At the bottom, in a class of our own, failing....
https://www.theguardian.com/us-news/2024/sep/18/american-health-system-ranks-last
“US health system ranks last compared with peer nations, report finds” is the headline in the Guardian. Here are a few highlights:
“The United States health system ranked dead last in an international comparison of 10 peer nations, according to a new report by the Commonwealth Fund.”
““I see patients who cannot afford their medications … I see older patients arrive sicker than they should because they spent the majority of their lives uninsured,” said Betancourt. “It’s time we finally build a health system that delivers quality affordable healthcare for all Americans.””
“…an international comparison of the US health system to nine wealthy democracies including Australia, Canada, France, Germany, the Netherlands, New Zealand, the UK, Sweden and Switzerland.

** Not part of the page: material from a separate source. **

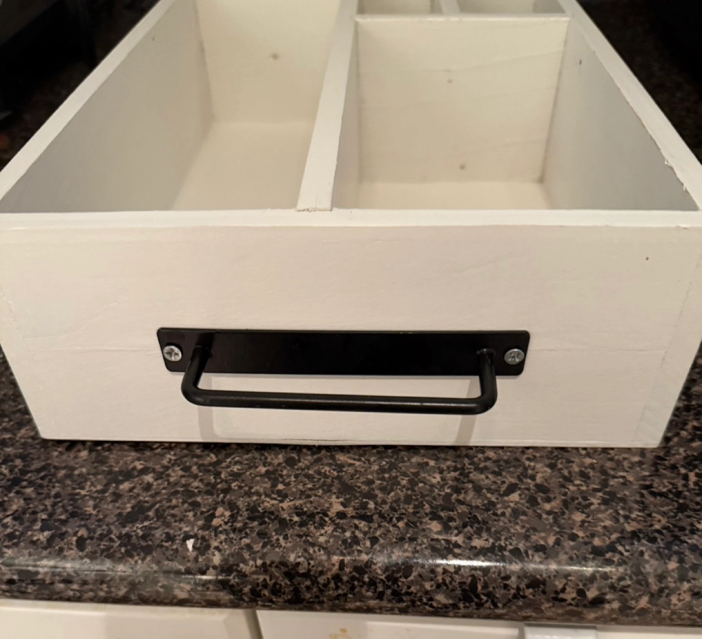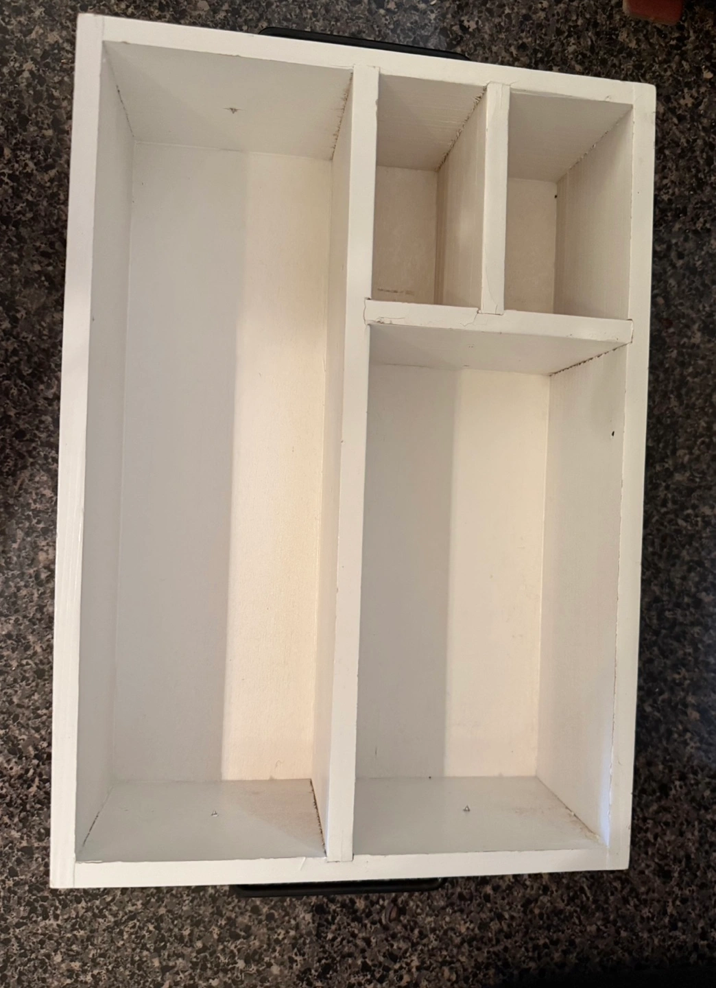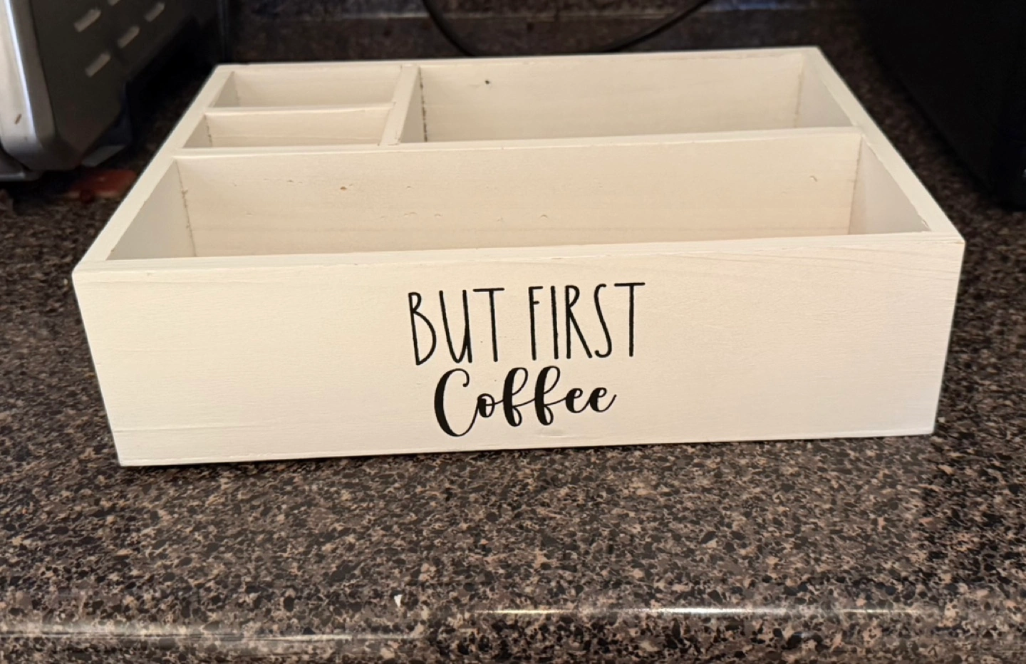 Cute farmhouse style coffee station organizer. Features multiple compartments. Black metal handle. Says "But First Coffee". Perfect for coffee pods, sugar, creamer.

The foundation calls this year’s report a “portrait of a failing US health system”.”
“The report uses 70 indicators from across five main sectors, including access to care, health equity, care process, administrative efficiency and outcomes. ”
“In all but “care process” – the domain that covers issues such as reconciling medications – the US ranked as the last or penultimate nation. Presenters for Commonwealth noted the US is often “in a class of its own” far below the nearest peer nation.”
To improve our rankings… ” the US would need to expand insurance coverage and make “meaningful” improvements on the amount of healthcare expenses patients pay themselves; minimize the complexity and variation in insurance plans to improve administrative efficiency; build a viable primary care and public health system; and invest in social wellbeing, rather than thrust problems of social inequity onto the health system.”